TASK STATEMENT => Retype the listing found below exactly, but leave out each picture.

DATA PROVIDED =>

....

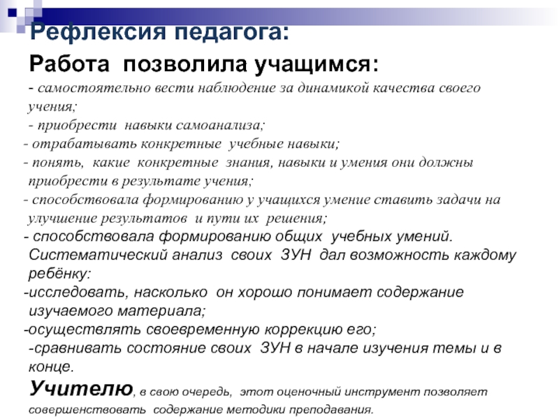 Учителю, в свою очередь, этот оценочный инструмент позволяет совершенствовать содержание методики преподавания.
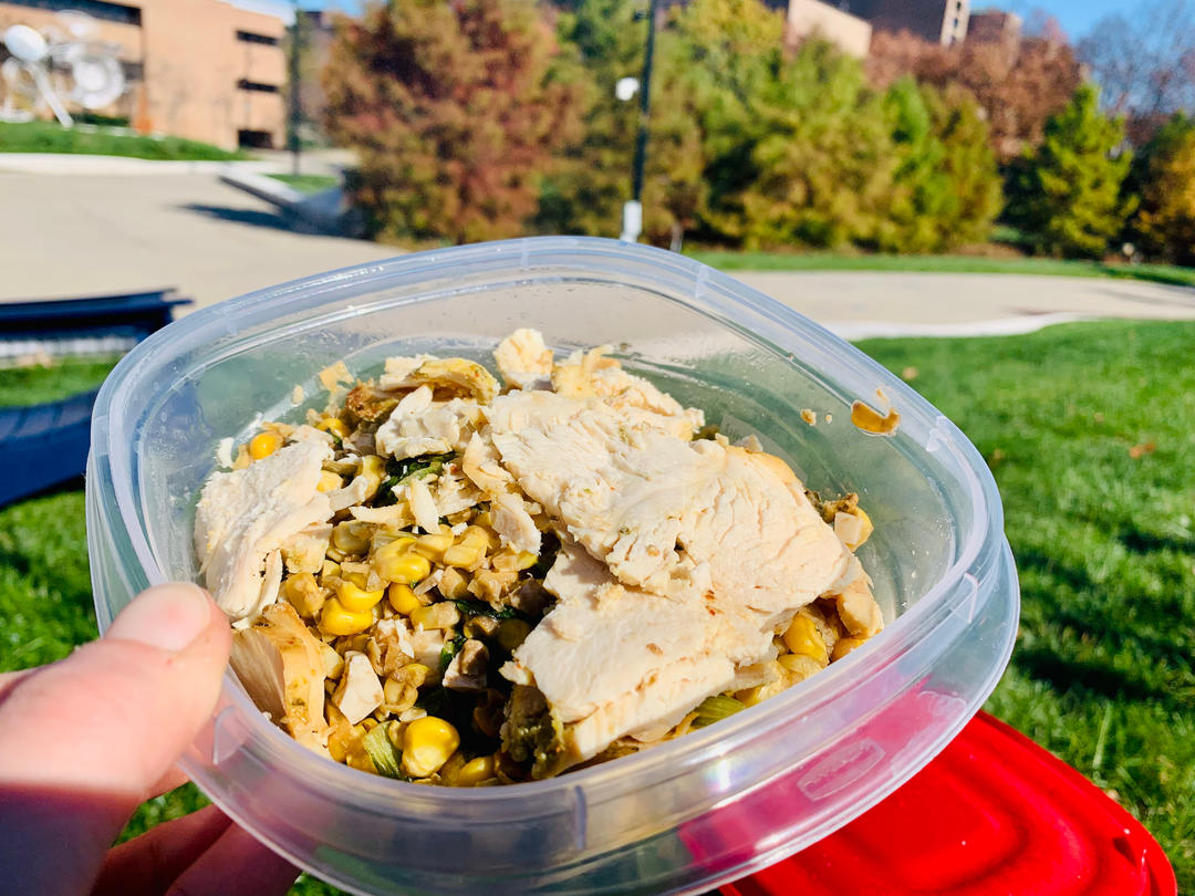 今天天气很好在外面吃饭!健身完之后要吃鸡...
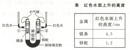(4)其他条件相同时,镁与稀盐酸反应使红色水面上升的高度比锌粒高
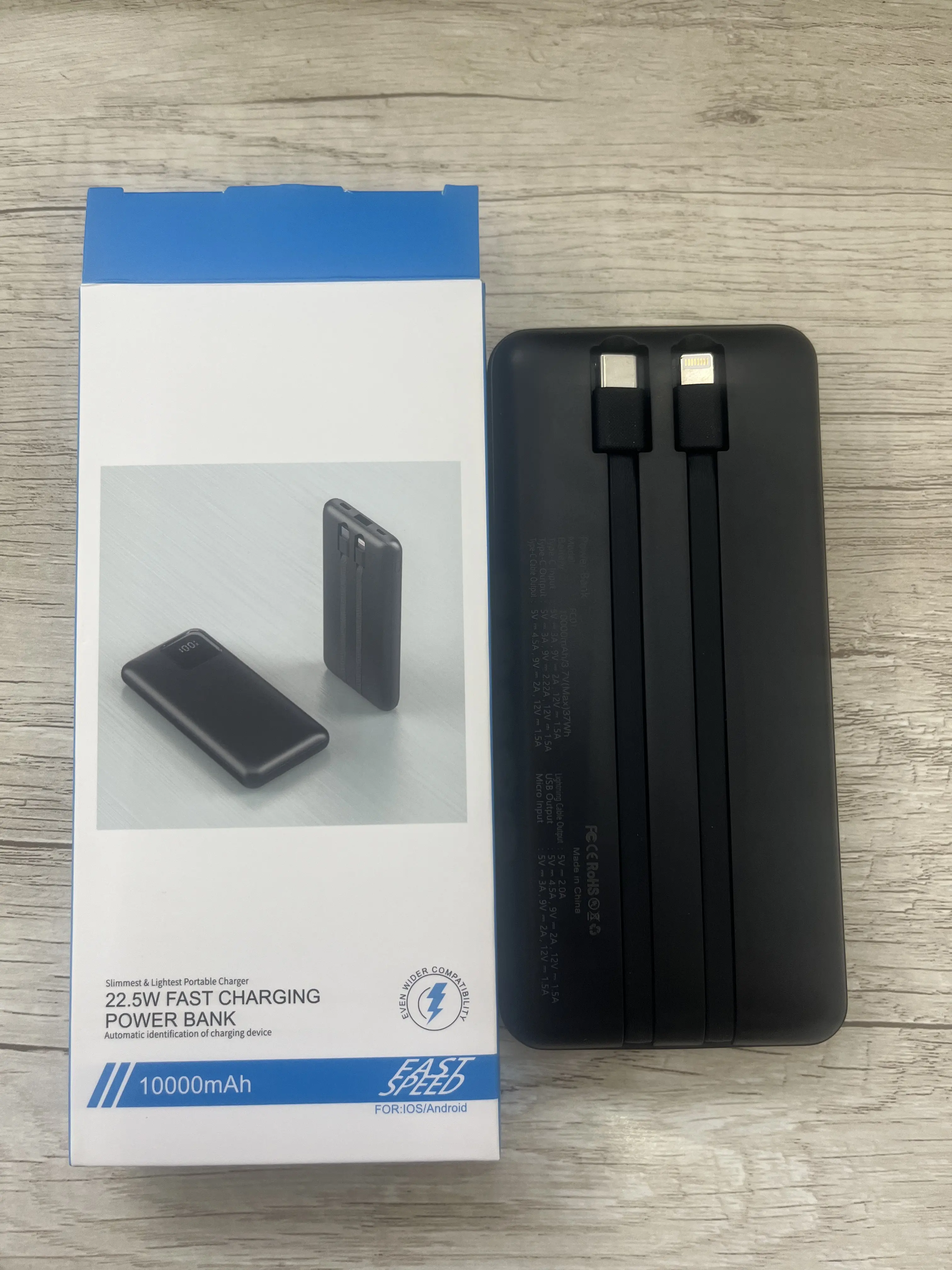 Love the compactness and the fact that it has the two charging cables attached for all phone types and the ports. The only thing is it drains a little quick and charging the charger takes a while but it serves the purpose. The size/thickness is like a cellphone not big/heavy like other I replaced.
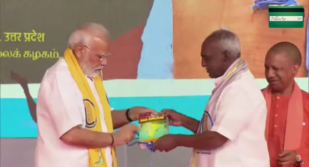 प्रधानमंत्री नरेन्द्र मोदी की उपस्थिति में भारतीय सनातन संस्कृति के दो अहम प्राचीन पौराणिक केंद्रों के मिलन के दौरान शनिवार को अनूठा आयोजन हुआ। काशी तमिल संगमम के उद्घाटन समारोह में तमिलनाडु के प्रमुख मठ मंदिर के आदिनम (महंत) को काशी की धरा पर पहली बार सम्मानित किया गया। महामना की बगिया में आयोजित भव्य समारोह में सम्मान समारोह के बाद प्रधानमंत्री मोदी भगवान शिव के ज्योर्तिलिंग काशी विश्वनाथ और रामेश्वरम के एकाकार पर आधीनम से संवाद किया।
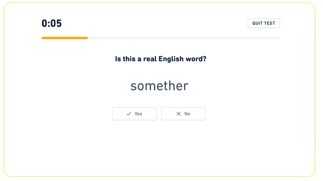 次の単語について、正しい綴りだと思う場合は「Yes」、そうでない場合は「No」を選択してください。

....

TASK SOLUTION =>
 Учителю, в свою очередь, этот оценочный инструмент позволяет совершенствовать содержание методики преподавания.
 今天天气很好在外面吃饭!健身完之后要吃鸡...
(4)其他条件相同时,镁与稀盐酸反应使红色水面上升的高度比锌粒高
 Love the compactness and the fact that it has the two charging cables attached for all phone types and the ports. The only thing is it drains a little quick and charging the charger takes a while but it serves the purpose. The size/thickness is like a cellphone not big/heavy like other I replaced.
 प्रधानमंत्री नरेन्द्र मोदी की उपस्थिति में भारतीय सनातन संस्कृति के दो अहम प्राचीन पौराणिक केंद्रों के मिलन के दौरान शनिवार को अनूठा आयोजन हुआ। काशी तमिल संगमम के उद्घाटन समारोह में तमिलनाडु के प्रमुख मठ मंदिर के आदिनम (महंत) को काशी की धरा पर पहली बार सम्मानित किया गया। महामना की बगिया में आयोजित भव्य समारोह में सम्मान समारोह के बाद प्रधानमंत्री मोदी भगवान शिव के ज्योर्तिलिंग काशी विश्वनाथ और रामेश्वरम के एकाकार पर आधीनम से संवाद किया।
 次の単語について、正しい綴りだと思う場合は「Yes」、そうでない場合は「No」を選択してください。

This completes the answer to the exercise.